Northern Italian here.

Since the early ‘90s, the traditional Sicilian Mafia (Cosa Nostra) has lost a great deal in its traditional influence all over Italy. It was shortly before its forced downsizing that the presence of the Mafia was most feared and most openly felt nationwide.

It must be kept in mind that the Mafia had always been so influential and powerful in Italy that it was first acknowledged as an existing entity (!) only around 30 years before, during the 1960s. The US Government, by contrast, had been putting away Mafia bosses since the 1920s. The fight against the Mafia started yielding its first successes in the early 1990s.
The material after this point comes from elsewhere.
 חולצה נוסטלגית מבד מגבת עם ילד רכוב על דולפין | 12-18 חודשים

In 1992 many top-level Godfathers were sentenced by the Supreme Court to life in “hard prison”, similar to maximum security in the US. The 1987 lower court trials leading to these final convictions were called the “Palermo maxitrials” as they involved whole crime families and they were held at a purpose-built bunker facility within a Palermo, Sicily prison. This bunker courtroom was hardened against airstrikes and bombs, and heavily guarded. Witnesses testified before the court protected by bullet-resistant glass and surrounded by police officers.
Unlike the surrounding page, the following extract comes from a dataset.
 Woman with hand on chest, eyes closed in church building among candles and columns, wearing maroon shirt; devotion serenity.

Investigators and prosecutors had never before managed to gain this amount of insight into the activities of the Mafia and had never put away such influential crime bosses. Shortly after the Supreme Court confirmation of the sentences, a “provincial commission” of Mafiosi deliberated that the future strategy for Cosa Nostra would be to force the Italian government to negotiate through terrorist attacks against judges, prosecutors, cops and politicians. During 1992 and 1993 the Mafia conducted terrorist attacks all over the country, killing 21 people and wounding 117. Besides prominent personalities in the fight against the Mafia, they also attacked landmarks and places of public life, trying to scare the public into accepting their demands.
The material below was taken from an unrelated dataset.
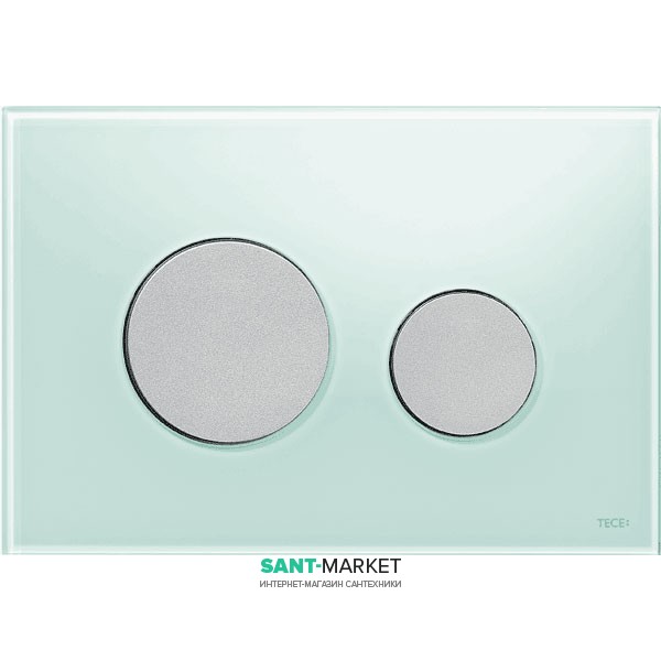 1) Панель змиву ля унітазу TECE TECEloop з двома клавішами скляна зелена колір клавіші хром матовий

July 20, 1992: “The Mafia declares war on the government – After Falcone, Borsellino and five officers killed”

Despite the killing, among others, of judges Giovanni Falcone and Paolo Borsellino, who, years before, as prosecutors had started the Mafia prosecutions in Sicily and set up the framework that eventually led to the final convictions, most of the bosses and attackers were tracked down and imprisoned by the end of 1993. The attacks were ultimately unsuccessful in intimidating the government and the public.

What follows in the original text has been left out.